Overall I really prefer the old machine. Sometimes simple is better.

Oh well


----------



## SnowG (Dec 5, 2014)

Thanks for that feedback. I've been lusting for the HSS (but less since I implemented my motorized chute mod). For me, the crank on the HS series was the biggest issue; too low and counter-intuitive with regard to direction of turn, so I'd have to think about turning direction each time. 

Reading about your impressions makes me glad to still be with my HS928TAD. Will be watching this thread though. I'm sure others will weigh in.

PS - I never clogged the chute either. I think of that clip-on stick they provide as a superfluous fixture. Also I think the new HSS chute is a bit too slow.


----------



## JnC (Feb 21, 2014)

Never got a chance to use buddies HSS928, but I can tell you that my HS machines have yet to disappoint me. 

Today's slush/wet snow was no match for the HS1132, 6 passes and the driveway was done, helped a couple of neighbors out as well as their machines couldnt go 2 feet before getting clogged.

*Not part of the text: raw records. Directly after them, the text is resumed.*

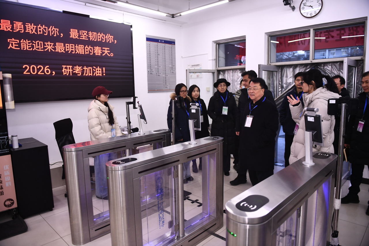12月19日至21日,北京师范大学党委书记程建平、校长于吉红深入考点一线,巡查2026年全国硕士研究生招生考试(初试)工作,重点检查考试安全、科技赋能、设备保障、考生服务及志愿者管理等关键环节,强调以“平安研考、公平研考、温馨研考”为目标,全面落实考试组织保障责任。
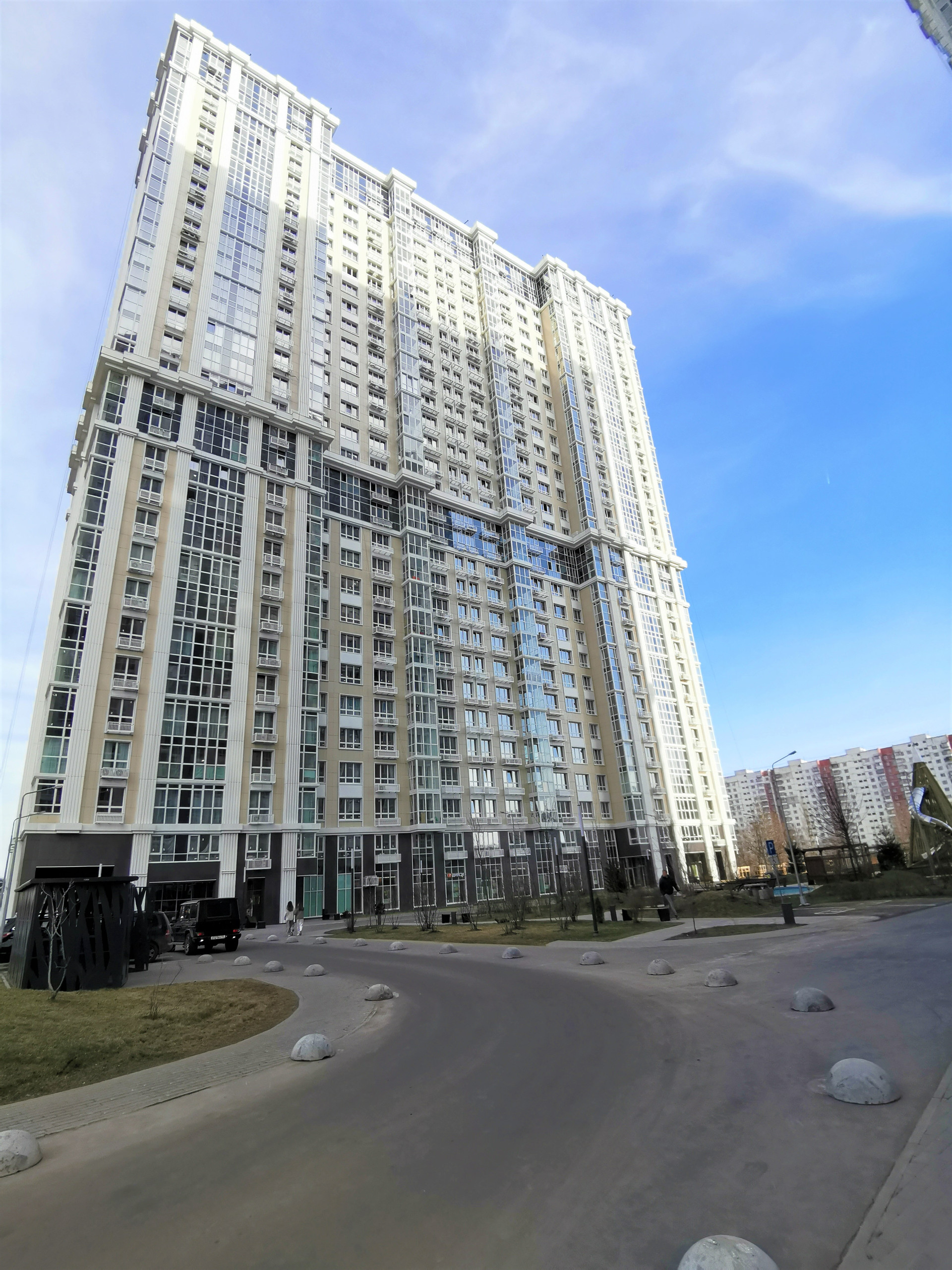 Закрытая территория. На первых этажах разместятся объекты торговли, сервиса и досуга. В подземном паркинге предусмотрены автомойка и индивидуальные кладовые помещения.
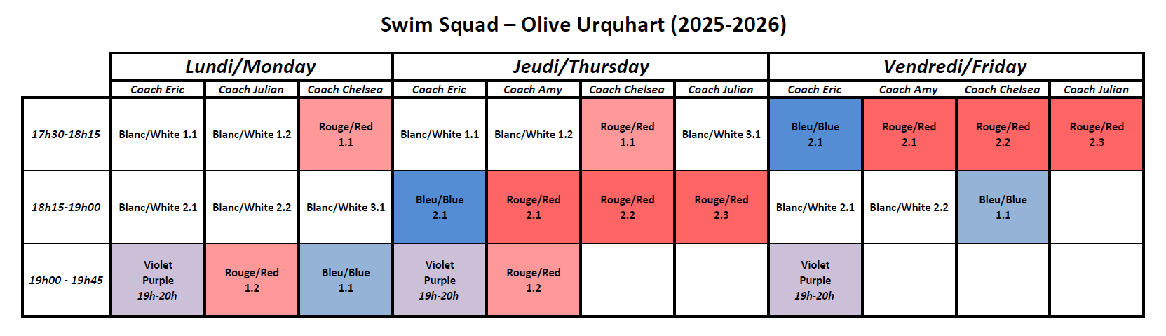 White/Red/Blue (2x per week) - Resident of Pointe-Claire: $216 Non-Resident of Pointe-Claire: $303
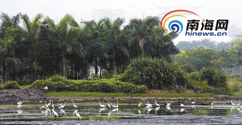 12月20日,建設中的白鷺公園大批白鷺云集覓食。海南日報記者蘇建強攝
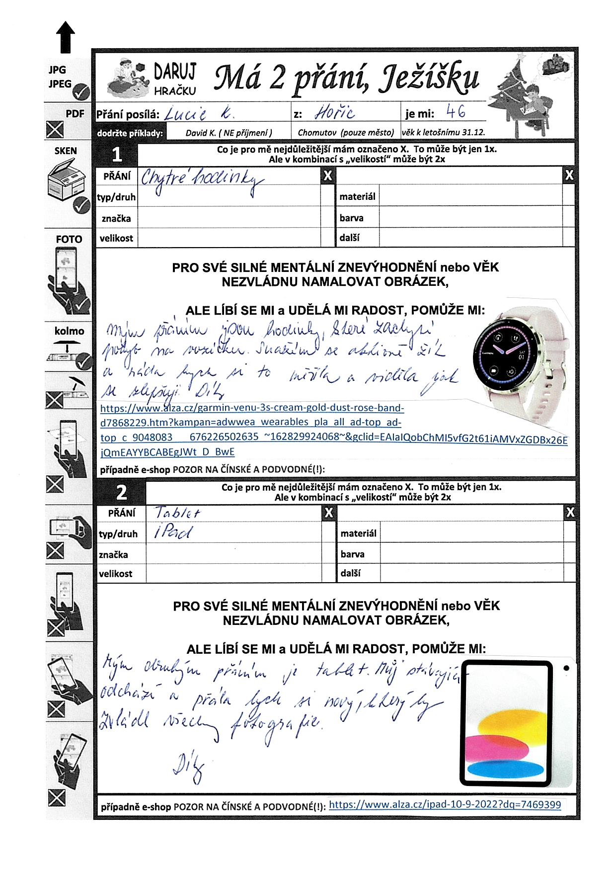 Poznámka: Jsem moc kamarádská, na invalidním vozíku jsem od narození. V domově jsem moc spokojená, našla jsem si tu i přítele. Ráda vyšívám, pracuji v domově v keramické dílně, počítač

The 1132 cleared 4 driveways, 60 feet, two 50 feet and one 40 feet long didnt clog even once. 



I think the design of the impeller tunnel and discharge hole may be working against the HSS machines. The older HS models have discharge hole roughly 2X4" in size where as the newer machines have a significantly larger opening. Thats the only thing I could think of that might be causing this clogging issue, that and the fact that the impellers are bigger now and spinning at roughly the same speed.


----------



## Zero1 (Jan 26, 2016)

This was my 3rd cleanup with my HSS. I have to say after installing the poly shoes, it drove like a sports car, thanks to Tony here at the forum.
I did get the slushy snow stuck in the shoot today, I never had that issue with my old HS928, but it cleared out fast!
I'm a tall guy and never liked the old hand turning shoot, I do love the new one.
The leg adjustment was another thing that I did not like, I love the new 1 finger adjustment, and the steering, I am getting used to it and now I love it.

Overall, it's a great machine, did I say I love the new FallLine poly shoes!!! What a difference it made, I just don't get why it never came with the machine.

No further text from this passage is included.